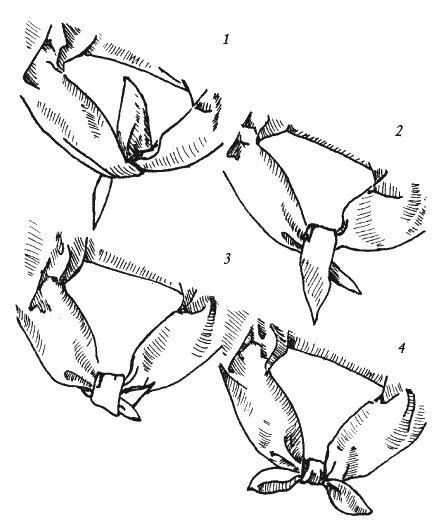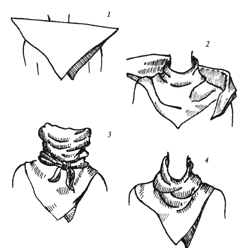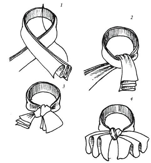 Узел «Задорный»Данный способ прекрасно подходит для завязывания небольших шейных платков из легких тканей и косынок.
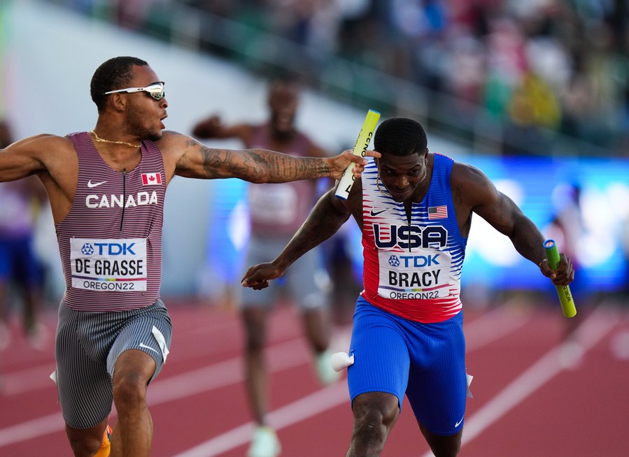 Andre De Grasse (L) of team Canada sprints with Marvin Bracy of team USA during the men's 4X100m relay final at the World Athletics Championships Oregon22 in Eugene, Oregon, the United States, July 23, 2022. (Xinhua/Wang Ying)
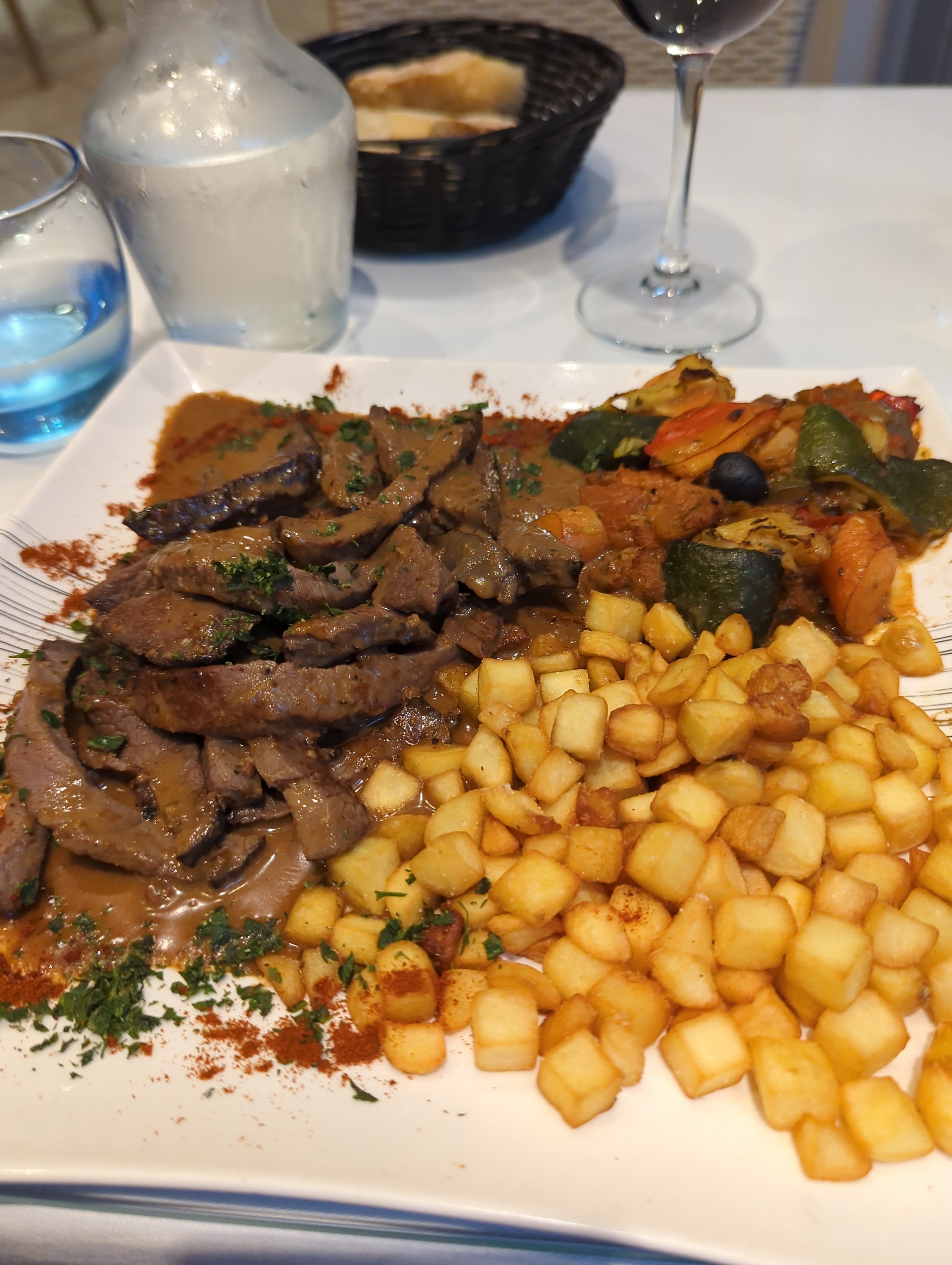 Le hasard fait de bonnes choses Pas grand monde on s en fout en essaie Comme quoi cela veut rien dire Diner à 2 sal de chevre chaud j ai demandé une salade mixte et j ai une mixte superbe avec poivrons et oignons rouges marinés excellents Filet de loup avec une très bonne sauce Ratatouille confite et rognons comme la cuisine d avant ALLEZ Y !!!! Le soir y a pas grand monde dans cette rue difficile Prix très abordable Service sympa Bonne musique belle déco On reviendra ça c est certains Ce restaurant doit se relancer repris par des professionnelles depuis 1 an ALLEZ Y!!
--------------------
**Your assignment**
Drop the images, then copy the data exactly.

**Solution**
 Узел «Задорный»Данный способ прекрасно подходит для завязывания небольших шейных платков из легких тканей и косынок.
 Andre De Grasse (L) of team Canada sprints with Marvin Bracy of team USA during the men's 4X100m relay final at the World Athletics Championships Oregon22 in Eugene, Oregon, the United States, July 23, 2022. (Xinhua/Wang Ying)
 Le hasard fait de bonnes choses Pas grand monde on s en fout en essaie Comme quoi cela veut rien dire Diner à 2 sal de chevre chaud j ai demandé une salade mixte et j ai une mixte superbe avec poivrons et oignons rouges marinés excellents Filet de loup avec une très bonne sauce Ratatouille confite et rognons comme la cuisine d avant ALLEZ Y !!!! Le soir y a pas grand monde dans cette rue difficile Prix très abordable Service sympa Bonne musique belle déco On reviendra ça c est certains Ce restaurant doit se relancer repris par des professionnelles depuis 1 an ALLEZ Y!!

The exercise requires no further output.